Pedodonti (Çocuk Diş hekimliği), çocukların süt ve daimi dişlerinin sağlıklı olarak korunmasını, çürük, travma, kalıtımsal ve benzeri etkenlerin bu dişlerde oluşturduğu sorunların giderilmesini amaçlayan bir anabilim dalıdır. Pedodonti, bebeklik çağından itibaren çocukların ağız-diş sağlığını ve çene-yüz bölgesi gelişimini takip ve tedavi eden, aynı zamanda koruyucu önlemleri de içine alan diş hekimliği dalıdır.

İlk diş hekimi muayenesi ne zaman olmalıdır?

Birinci yaş gününde, çocuk dişleri uzmanını ziyaret ediniz. Bu ziyaretlerin her 2-3 ayda bir tekrarlanması oldukça yararlı olacaktır. Gerek gece uykusu, gerekse gündüz uykularından önce çocuğunuzun dişlerini sadece diş fırçasıyla temizleyiniz.
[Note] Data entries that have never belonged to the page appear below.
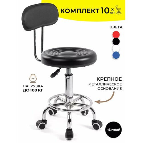 Встречайте те самые стулья мастера! Представляем вам набор 10 шт. мягких стульев на колесиках со спинкой Gemlux GL-BR-003. Это универсальная мебель для косметологического и массажного кабинета, парикмахерской, тату студии и салона красоты. Маленькие компактные крутящиеся табуреты на колесах имеют регулировку высоты, удобное круглое сиденье и мягкую высокую спинку, которая обеспечивает поддержку спины и позвоночника. Комплект стульев идеально подойдет для мастеров маникюра и педикюра, парикмахеров и барберов, косметологов, бровистов и визажистов, лешмейкеров (мастеров по наращиванию ресниц) и массажистов. Даже швеи оценят их по достоинству! И это еще не все: наши стулья настолько многофункциональны, что могут использоваться и как мебель для дома и офиса, дачная мебель. Вы можете разместить их в любой комнате: кухне, гостиной, столовой, спальне, кабинете, на балконе. Это отличные кухонные, полубарные и интерьерные стулья для туалетного и макияжного столика. И конечно, они подойдут в качестве офисных кресел для ПК, стульев для письменного и рабочего стола, детских стульчиков для школьников, для девочек и мальчиков, а также в качестве компьютерной и геймерской мебели. Сиденье выполнено из фанеры, обтянутой толстым слоем качественного плотного мебельного поролона. Обивка – устойчивая к истиранию экокожа. Крестовина кресла с кольцевой подножкой изготовлена из металла, в отличие от большинства аналогов на рынке, укомплектованных пластиковым каркасом. Это обеспечивает прочность и безопасность. Вы можете быть уверены, что металлические стулья подойдут и для детей, и для взрослых. Стул выдерживает нагрузку до 100 кг. Усиленный газлифт регулирует высоту сиденья в пределах от 45 до 58 см. Пять нейлоновых колес обеспечивают плавный ход по любой поверхности, не заедают и не царапают напольное покрытие. Стулья поставляются в разобранном виде, с простой и понятной инструкцией по сборке. Наслаждайтесь уютом и комфортом с высокими стульями, которые сочетают в себе стиль, эргономику и надежность!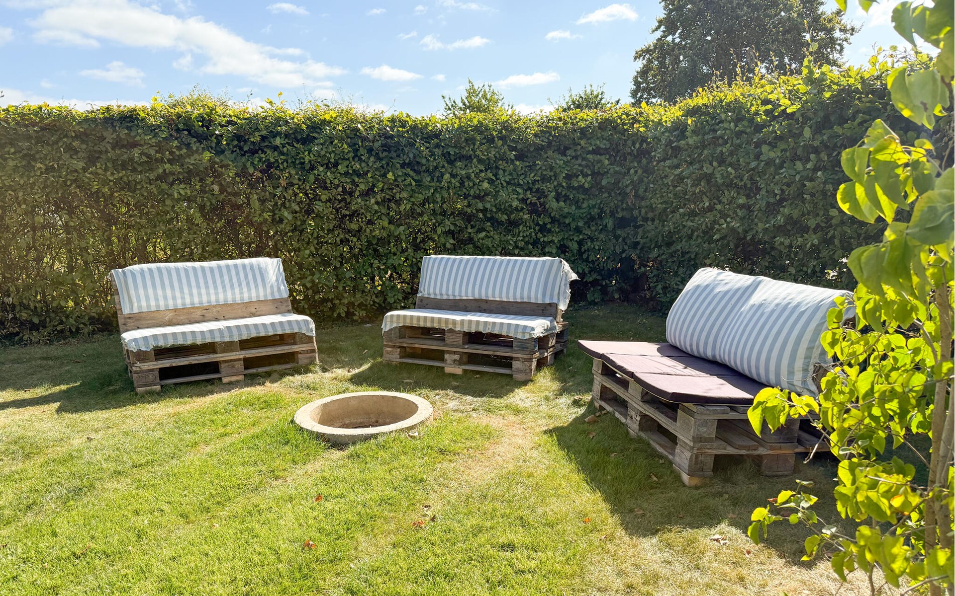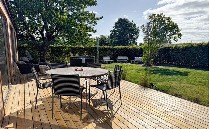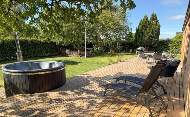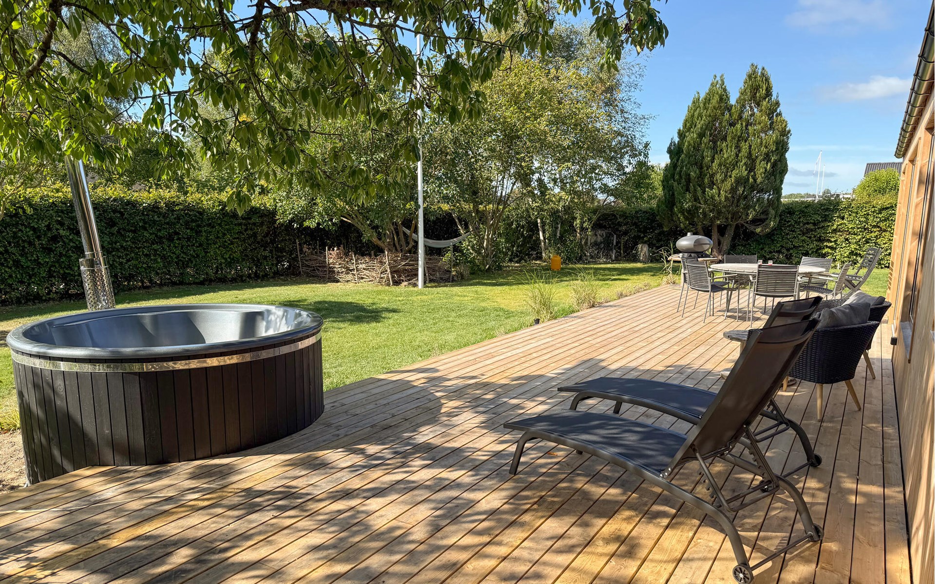 Im großen Garten finden Sie verschiedene Sitzgelegenheiten, passend für jede Gelegenheit. Die sonnige Terrasse eignet sich hervorragend für ein ausgiebiges Frühstück, während die Holzbänke dazu einladen, es sich am Abend an der Feuerstelle gemütlich zu machen. Für eine Erfrischung zwischendurch springen Sie in das Finnische Holzbad und entspannen anschließend auf einer Sonnenliege.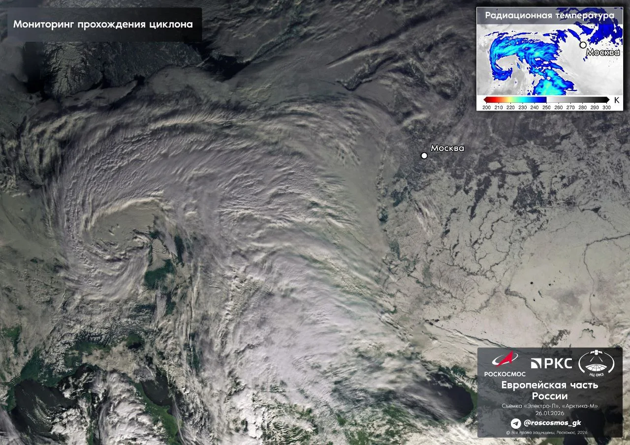 На фото — спутниковый снимок снежного циклона, надвигающегося на Москву и область, от «Роскосмоса».
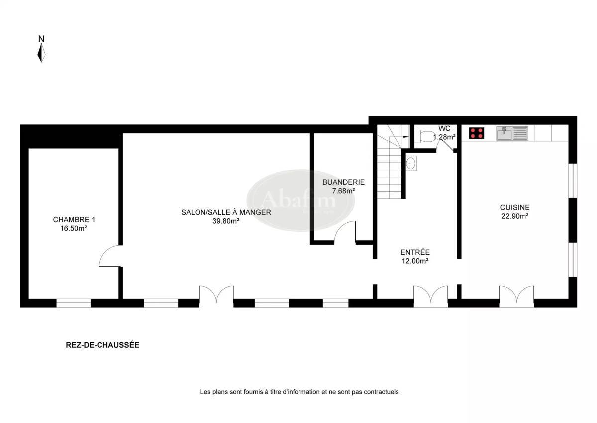 The 12m² entrance hall serves, from right to left, the 22m² fitted kitchen, a toilet, 7.60m² laundry, 39m² living/dining room and a passageway serving a 16.50m² space for use as a bedroom or office.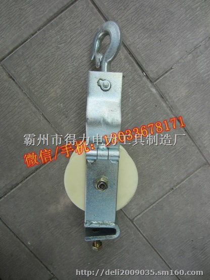 放线滑轮:分为地缆滑轮,电缆滑轮、朝天滑轮、尼龙滑轮、电缆导线放线滑轮,大直径放线滑车、做挂两用放线滑车、地线放线滑车、起重滑轮。主要用于铺放电缆导线时起到保护的作用,省时省力,地缆滑车的用途:用于电缆延放改变方向处 , 保护电缆不受摩擦。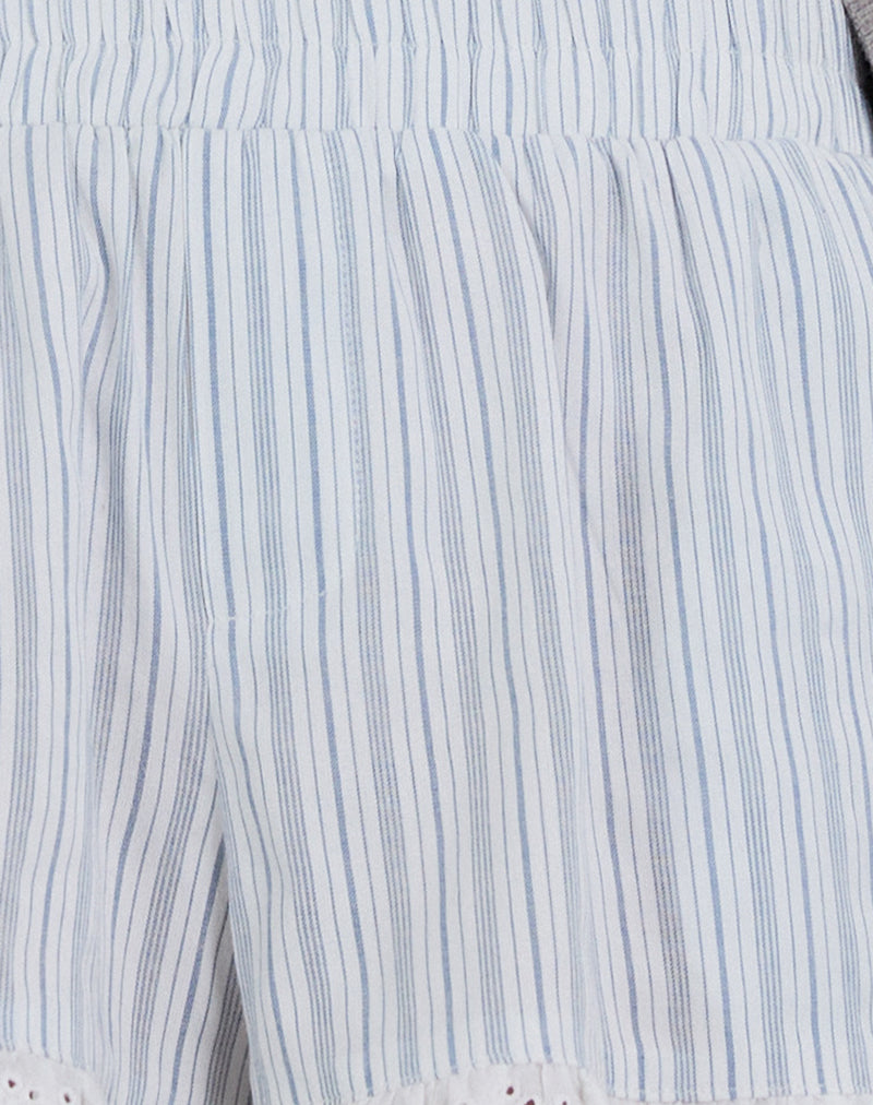 The Bonji shorts, crafted from a blue and white striped linen. Designed with a relaxed fit, elasticated waistband, and finished with broderie trimming along the hem. Style with the matching Kitami shirt.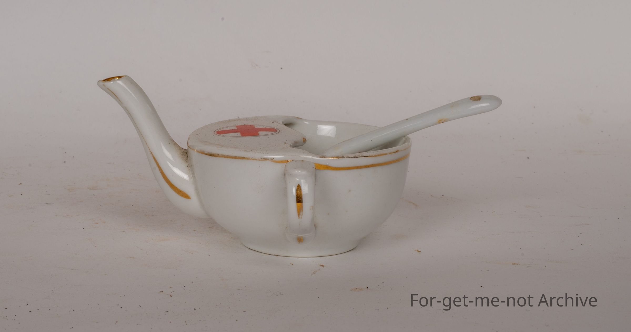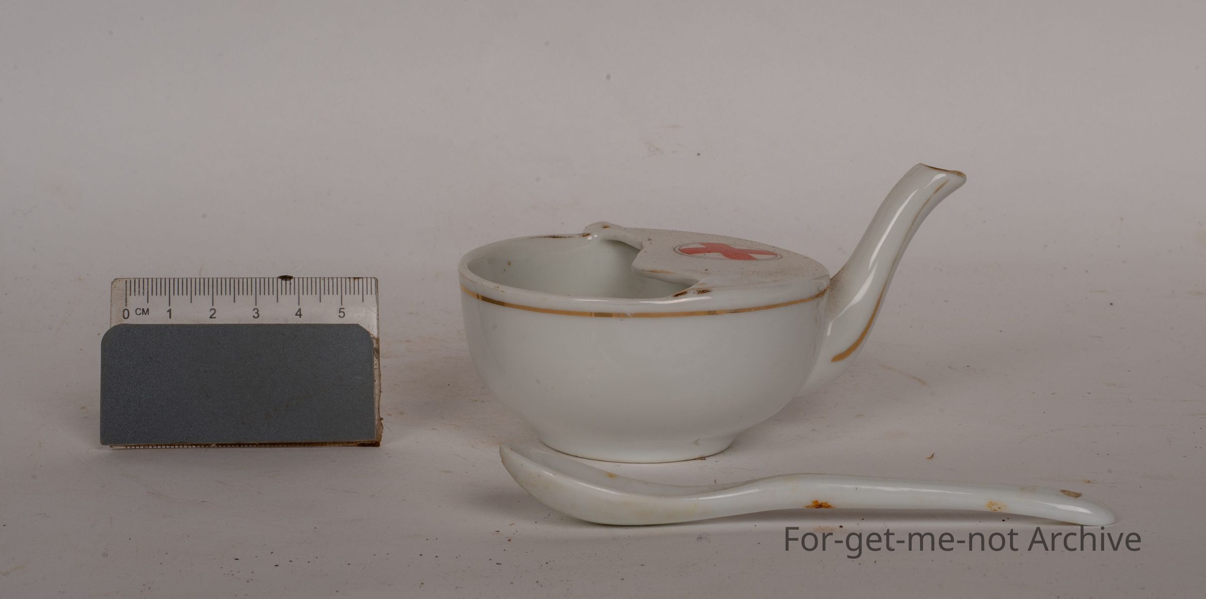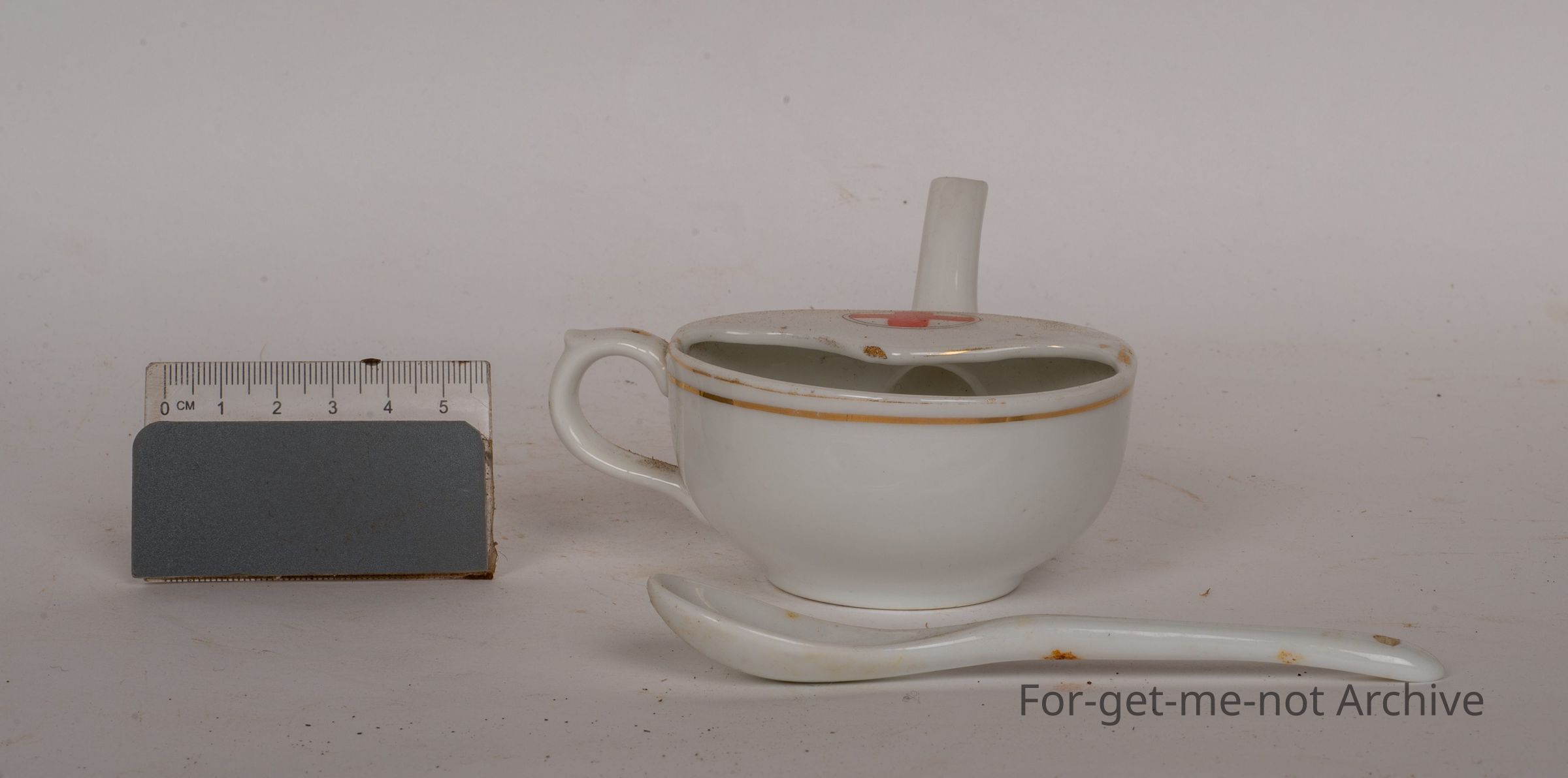 Little white ceramic spoon. Has a spout, one handle and the red cross symbol on the top of it.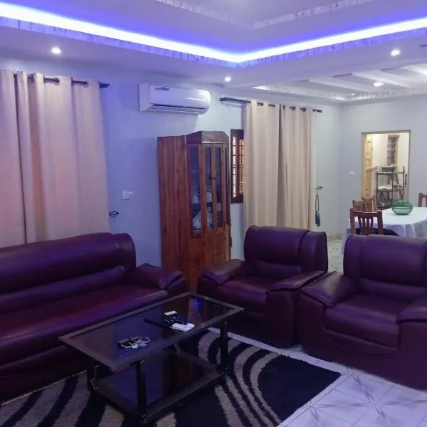 Hébergement Lomé Awatamé réservation 24 Heures avant位于Djaka。这家住宿的客人可以使用露台、免费私人停车位和免费WiFi。 这家别墅配有3间卧室、平板电视、带冰箱和烤箱的设施齐全的厨房、洗衣机以及3间带淋浴设施的浴室。这家别墅也为客人提供3间浴室。 洛美-托科安机场距离住宿有11公里。

Bebeğinizin dişleri çıkmaya başladığında şu önlemleri titizlikle uygulamanız gerekir

  • Bebeğinizi emzirerek uyutmayınız.
  • Dişlerini ıslak bir bezle temizledikten sonra uyutunuz.
  • Bebeğinizi şekerli, ballı süt karışımı ile dolu bir biberonla kesinlikle uyutmayınız.
  • Bebeğinizi, biberondaki mamayı bitirmeye zorlamayınız. Bu yaklaşım, çocuğun kusmasına yol açabilir.
  • Biberonla besleme söz konusu ise sıcaklığını kontrol etmek gerekçesi ile biberonu kendi ağzınıza sokmayınız
  • Çocuklar için oldukça yararlı olan meyve suları biberona doldurularak sürekli verildiğinde diş çürüklerine yol açabilmektedir
  • Çocuk 1 yaşına geldiğinde, emzirme ve biberon kullanımını terk ediniz ve sıvı gıdaları bardakla içmeye alıştırınız.
  • Çocuğunuzun dişlerini diş fırçasıyla temizleyiniz.

Süt Dişlerinin Önemi

Süt dişleri toplam 20 tanedir. Süt dişlerinin birinci görevi çocuğun beslenmesini sağlamaktır. Ayrıca konuşmanın düzgün gelişimi de süt dişlerinin varlığına bağlıdır. Süt dişleri, kapladıkları alanı kendilerinin yerine gelecek olan kalıcı diş için korumakta ve kalıcı diş sürerken ona rehberlik yapmaktadırlar. Süt dişi erken çekildiği zaman bu doğal yer tutuculuk fonksiyonu da ortadan kalkmaktadır. Çocuk dişhekimliğinin birinci amacı, dişsel sorunların oluşmasını engelleyecek önlemleri almak ve çocukları çürüksüz bir geleceğe yönlendirmektir. Bu amaçla uygulanan işlemlere Koruyucu Dişhekimliği Uygulamaları denir

Biberon Çürüğü Nedir?

Erken çocukluk çaği çürüğü (biberon çürüğü) 71 aylik veya daha küçük çocuklarda süt dişlerinde bir veya daha fazla çürük, çürüğe bağli kaybedilmiş diş veya dolgulu dişin olduğu durum olarak tanimlanmaktadir.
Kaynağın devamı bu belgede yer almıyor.